Schwupps, da hat es mich wieder. Nachdem ich im ersten Halbjahr ein wenig mehr Silat als Kempo trainiert habe, bin ich jetzt wieder mit Volldampf beim Shaolin Kempo dabei.
Und zwar sowohl bei den Großen als auch bei den Zwergen. Zusammen mit meinen Trainingskollegen Andreas und Andreas habe ich das Kindertraining übernommen, und mittlerweile auch das Erwachsenentraining. Warum? Weiterlesen …
Was sich ändert
Der Wechsel in der Kindergruppe wurde dringend nötig.
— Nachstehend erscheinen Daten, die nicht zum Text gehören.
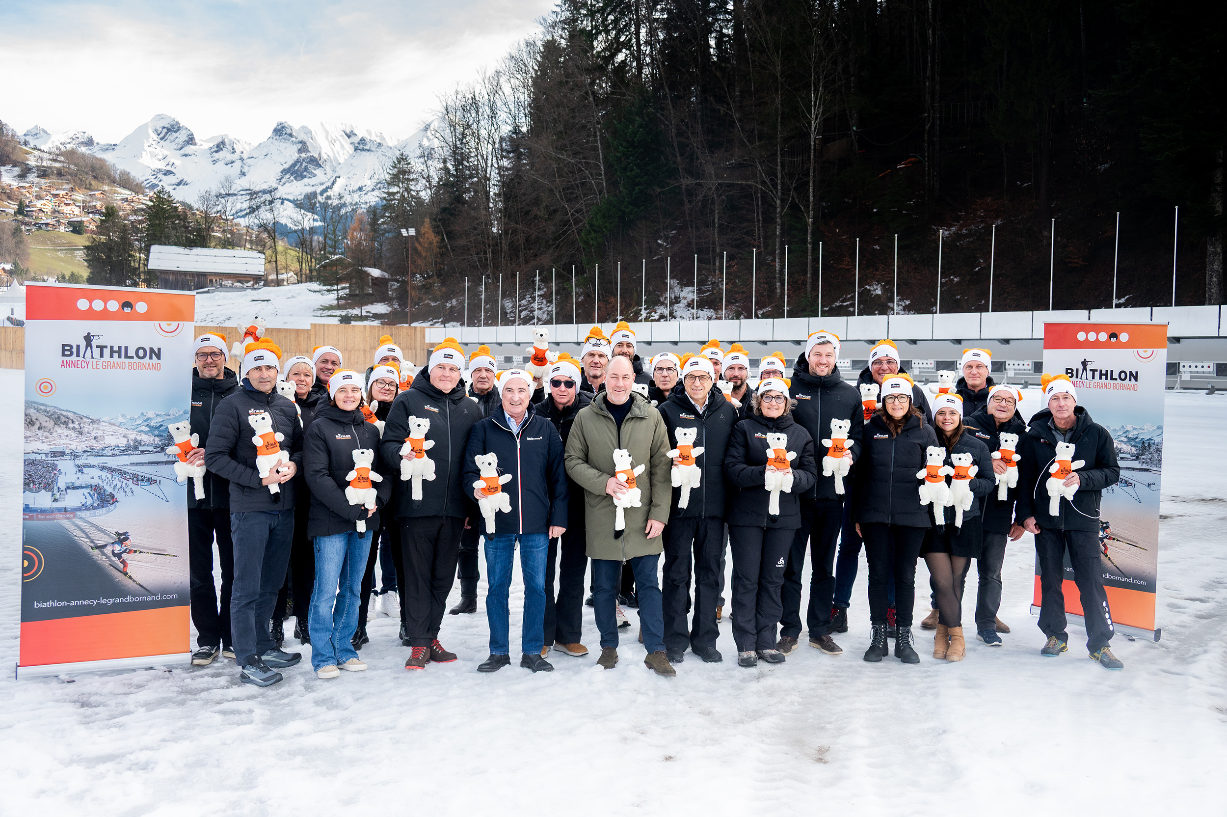 Representatives of the local executive committee gathered around André Perrillat-Amédé, president of the organising committee and mayor of Le Grand-Bornand, Alexandre Mulatier-Gachet, 1st deputy representing the mayor of Annecy François Astorg, Catherine Allard, deputy mayor for sports for the city of Annecy, Fabien Saguez, president of the French Ski Federation, Christophe Fournier, regional councillor for Auvergne Rhône-Alpes, Marcel Cattanéo, departmental councillor for Haute-Savoie, and Sylvie Becaert, patron of the BMW IBU Biathlon World Cup Annecy-Le Grand-Bornand.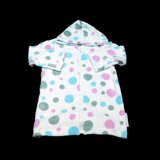 This is a ladies' bathrobe that is made of 100% cotton for maximum softness and comfort. It is beautifully adorned with colorful dot prints for a sense of attractiveness. The hoodie collar, long sleeves and zip-up closure complete this stylish bathrobe.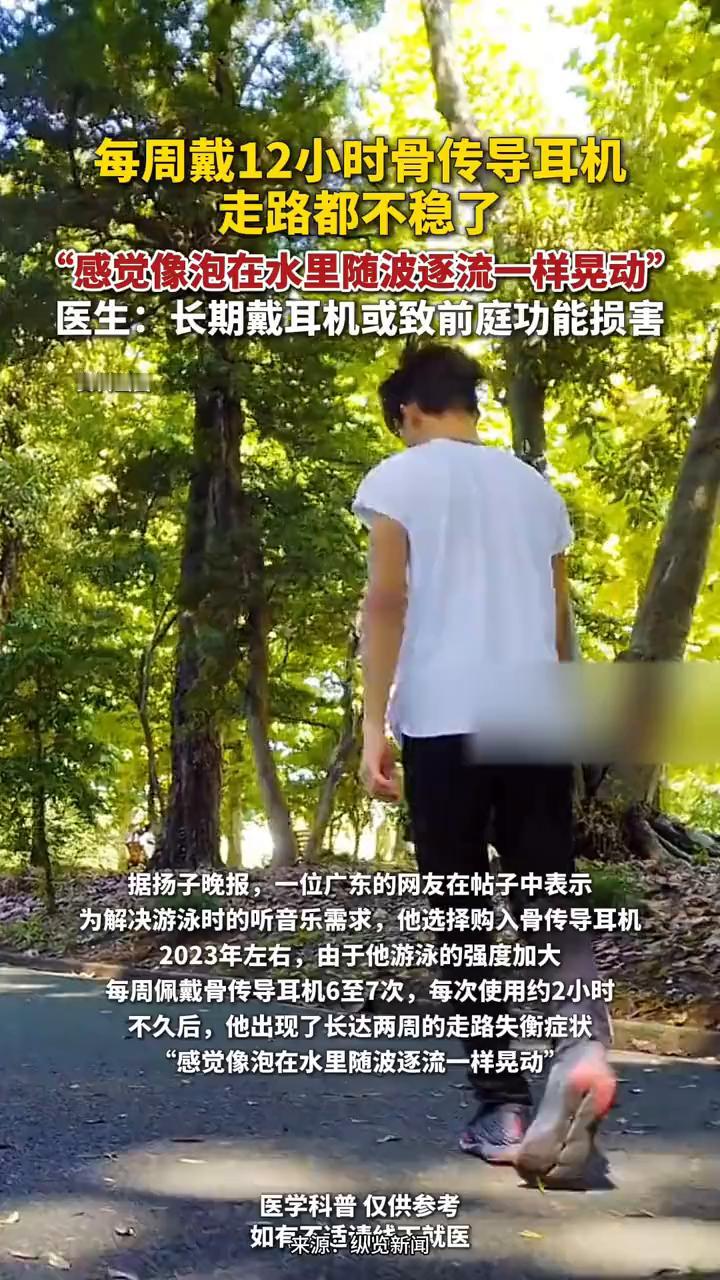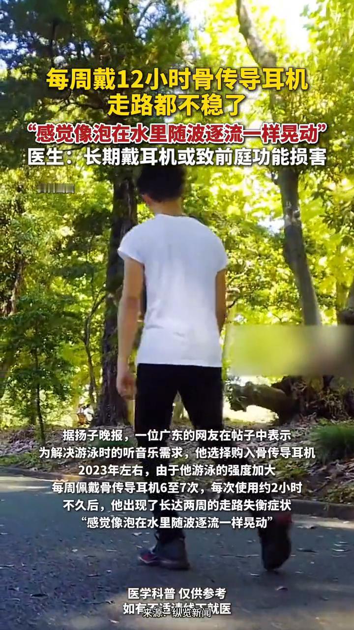 每周戴12小时骨传导耳机,走路都不稳了,感觉像泡在水里随波逐流一样晃动。医生:长期戴耳机或致前庭功能损害。 据扬子晚报,一位广东的网友在帖子中表示,为解决游泳时的听音乐需求,他选择购入骨传导耳机。2023年左右,由于他游泳的强度加大,每周佩戴骨传导耳机6至7次,每次使用约2小时。不久后,他出现了长达两周的走路失衡症状。 起初他误以为是游泳姿势不当所致,直到在社交平台上看到相关网友的讨论,才将怀疑的目光投向骨传导耳机。该网友称,此后虽然仍在使用骨传导耳机,但是使用频率降低后,失衡症状再也没有出现。 南京市中西医结合医院耳鼻喉科副主任医师朱晓燕告诉记者,不排除上述事件中的网友有前庭敏感的可能。"对于前庭敏感或者有其它内耳疾病人群,不管是入耳式、头戴式还是骨传导耳机,长时间佩戴都有可能导致头晕、恶心,甚至导致听力下降以及前庭功能的进一步损害"。如有不适请线下就医。

Das pure und sture Abfragen von Prüfungsprogrammen, kombiniert mit einem nicht zu erkennenden Plan, wozu das Ganze eigentlich dient, garniert mit einem wenig kindgerechten Hierarchie-Ansatz – das konnte nicht klappen. Übrigens auch nicht bei Erwachsenen. Selbst mein eigener Zwerg war kurz davor, sich lieber ein anderes Hobby zu suchen. Ein halbes Jahr nicht eine neue Technik, keine neuen Impulse – das war verschwendete Zeit. Zuletzt war die Gruppe bis auf ein sehr kleines Häufchen zusammengeschrumpft.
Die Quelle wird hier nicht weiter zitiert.